- The problem
Output, word for word and without pictures, the lines from the one containing "2013年5月29日晚20:00,太阳集" through the final line of the listing below.

━━━━━ Stored data ━━━━━

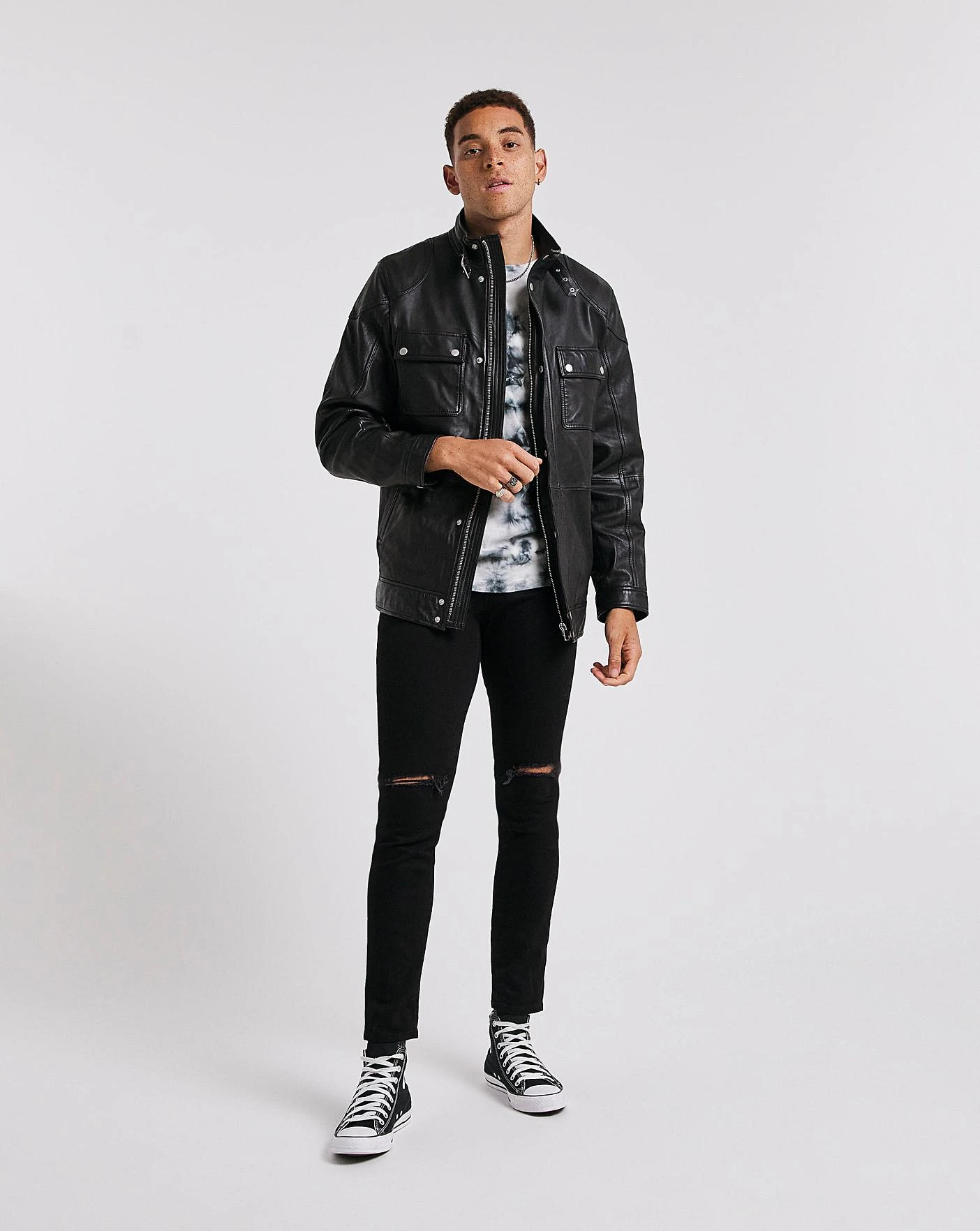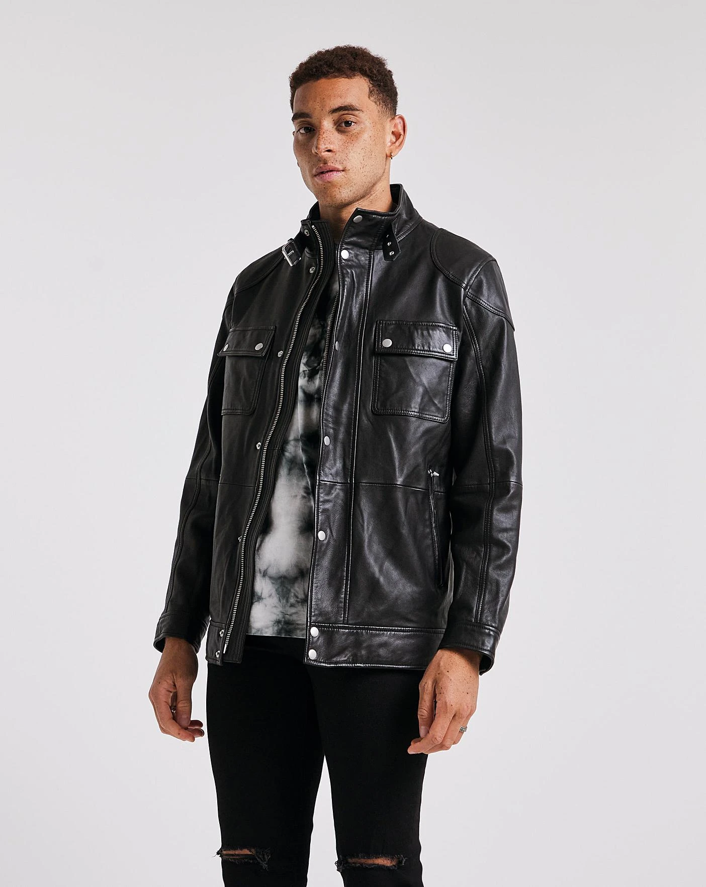 Invest in the jacket of a lifetime with this timeless 100% real sheep leather jacket. It features 4 frontal pockets that help keep your essentials safe and secure. It also features a double zip and button frontal closure and buckle neck detail.
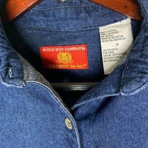 Bugle Boy Company's Women's Blue Vintage Button-Down Long-Sleeve Denim Shirt Siz
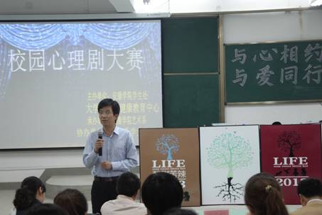 2013年5月29日晚20:00,太阳集团tyc539第六届老员工心理健康教育文化节系列活动之校园心理剧大赛在江北校区2102教室顺利举行,公司党委副书记胡鸿晓,学工部部长郑树青,学工部副部长车静,艺术系党总支书记冯丰收等7位老师担任本次大赛的评委。
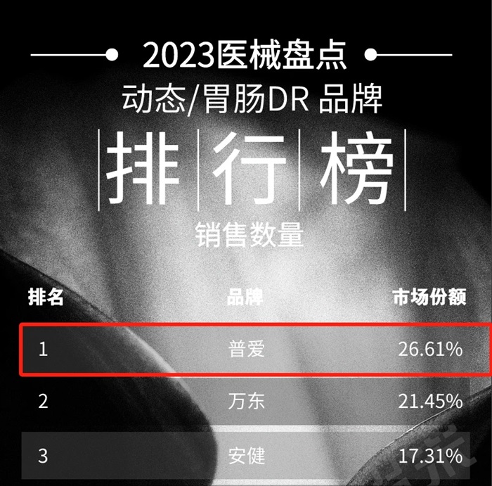 伴隨影像技術(shù)的不斷發(fā)展,集攝影、透視、胃腸、造影等多種功能于一體的動態(tài) DR 逐漸成為醫(yī)療機(jī)構(gòu)的主流之選。作為國內(nèi)杰出的醫(yī)療設(shè)備企業(yè),普利德醫(yī)療憑借多年的技術(shù)積累,深度耕耘動態(tài) DR 細(xì)分領(lǐng)域,通過不斷的技術(shù)創(chuàng)新,精心打磨出更契合臨床需求的高品質(zhì)產(chǎn)品,贏得了市場的高度認(rèn)可。在 2023 年醫(yī)招采排行榜同步市占率排行榜中,動態(tài)/胃腸DR市場份額位居行業(yè)第一!

━━━━━

- Exercise response
 2013年5月29日晚20:00,太阳集团tyc539第六届老员工心理健康教育文化节系列活动之校园心理剧大赛在江北校区2102教室顺利举行,公司党委副书记胡鸿晓,学工部部长郑树青,学工部副部长车静,艺术系党总支书记冯丰收等7位老师担任本次大赛的评委。
 伴隨影像技術(shù)的不斷發(fā)展,集攝影、透視、胃腸、造影等多種功能于一體的動態(tài) DR 逐漸成為醫(yī)療機(jī)構(gòu)的主流之選。作為國內(nèi)杰出的醫(yī)療設(shè)備企業(yè),普利德醫(yī)療憑借多年的技術(shù)積累,深度耕耘動態(tài) DR 細(xì)分領(lǐng)域,通過不斷的技術(shù)創(chuàng)新,精心打磨出更契合臨床需求的高品質(zhì)產(chǎn)品,贏得了市場的高度認(rèn)可。在 2023 年醫(yī)招采排行榜同步市占率排行榜中,動態(tài)/胃腸DR市場份額位居行業(yè)第一!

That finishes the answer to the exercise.